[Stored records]
--*--
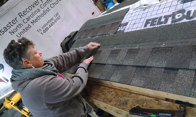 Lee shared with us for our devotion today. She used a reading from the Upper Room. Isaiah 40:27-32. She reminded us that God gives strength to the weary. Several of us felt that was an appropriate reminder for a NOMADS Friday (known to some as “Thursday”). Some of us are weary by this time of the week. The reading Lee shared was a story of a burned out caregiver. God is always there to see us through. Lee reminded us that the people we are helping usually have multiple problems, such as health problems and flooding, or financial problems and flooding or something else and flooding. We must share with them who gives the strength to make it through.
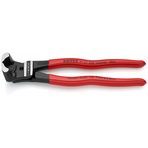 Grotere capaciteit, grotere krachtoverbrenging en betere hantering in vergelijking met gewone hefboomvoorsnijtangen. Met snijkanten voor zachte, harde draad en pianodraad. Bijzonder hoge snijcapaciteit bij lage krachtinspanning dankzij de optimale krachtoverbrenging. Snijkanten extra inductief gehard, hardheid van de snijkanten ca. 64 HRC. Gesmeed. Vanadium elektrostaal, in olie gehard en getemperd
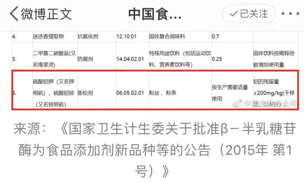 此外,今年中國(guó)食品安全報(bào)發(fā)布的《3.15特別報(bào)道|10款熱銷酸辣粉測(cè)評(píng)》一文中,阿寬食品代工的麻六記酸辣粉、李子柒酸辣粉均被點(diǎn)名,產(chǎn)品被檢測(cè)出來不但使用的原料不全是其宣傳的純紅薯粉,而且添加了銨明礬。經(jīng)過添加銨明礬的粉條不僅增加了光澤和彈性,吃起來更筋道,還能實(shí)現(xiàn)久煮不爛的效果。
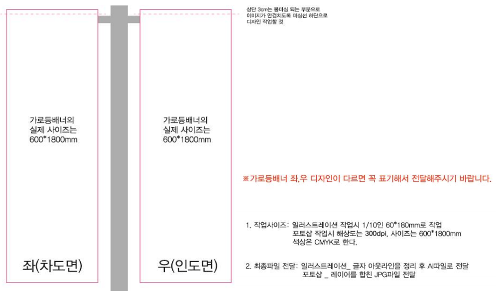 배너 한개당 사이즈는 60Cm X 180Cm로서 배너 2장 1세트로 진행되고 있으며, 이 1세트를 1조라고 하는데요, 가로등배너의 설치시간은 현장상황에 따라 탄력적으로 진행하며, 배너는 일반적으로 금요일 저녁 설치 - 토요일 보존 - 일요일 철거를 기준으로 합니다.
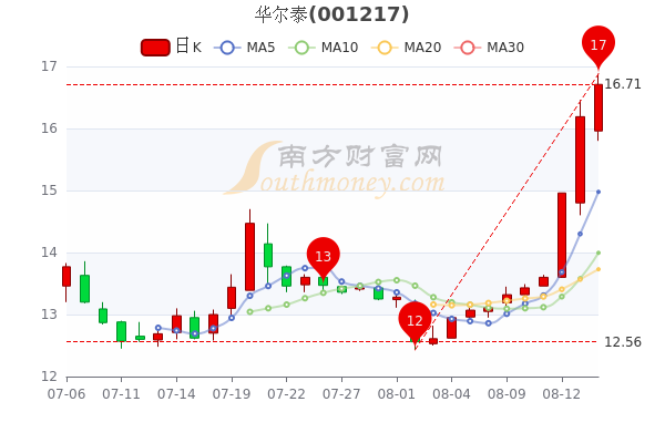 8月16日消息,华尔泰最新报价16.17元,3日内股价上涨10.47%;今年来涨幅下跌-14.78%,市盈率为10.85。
--*--
* Directions for this task
The response has to be an exact copy of all the data, pictures excluded.

* Solution below
 Lee shared with us for our devotion today. She used a reading from the Upper Room. Isaiah 40:27-32. She reminded us that God gives strength to the weary. Several of us felt that was an appropriate reminder for a NOMADS Friday (known to some as “Thursday”). Some of us are weary by this time of the week. The reading Lee shared was a story of a burned out caregiver. God is always there to see us through. Lee reminded us that the people we are helping usually have multiple problems, such as health problems and flooding, or financial problems and flooding or something else and flooding. We must share with them who gives the strength to make it through.
 Grotere capaciteit, grotere krachtoverbrenging en betere hantering in vergelijking met gewone hefboomvoorsnijtangen. Met snijkanten voor zachte, harde draad en pianodraad. Bijzonder hoge snijcapaciteit bij lage krachtinspanning dankzij de optimale krachtoverbrenging. Snijkanten extra inductief gehard, hardheid van de snijkanten ca. 64 HRC. Gesmeed. Vanadium elektrostaal, in olie gehard en getemperd
 此外,今年中國(guó)食品安全報(bào)發(fā)布的《3.15特別報(bào)道|10款熱銷酸辣粉測(cè)評(píng)》一文中,阿寬食品代工的麻六記酸辣粉、李子柒酸辣粉均被點(diǎn)名,產(chǎn)品被檢測(cè)出來不但使用的原料不全是其宣傳的純紅薯粉,而且添加了銨明礬。經(jīng)過添加銨明礬的粉條不僅增加了光澤和彈性,吃起來更筋道,還能實(shí)現(xiàn)久煮不爛的效果。
 배너 한개당 사이즈는 60Cm X 180Cm로서 배너 2장 1세트로 진행되고 있으며, 이 1세트를 1조라고 하는데요, 가로등배너의 설치시간은 현장상황에 따라 탄력적으로 진행하며, 배너는 일반적으로 금요일 저녁 설치 - 토요일 보존 - 일요일 철거를 기준으로 합니다.
 8月16日消息,华尔泰最新报价16.17元,3日内股价上涨10.47%;今年来涨幅下跌-14.78%,市盈率为10.85。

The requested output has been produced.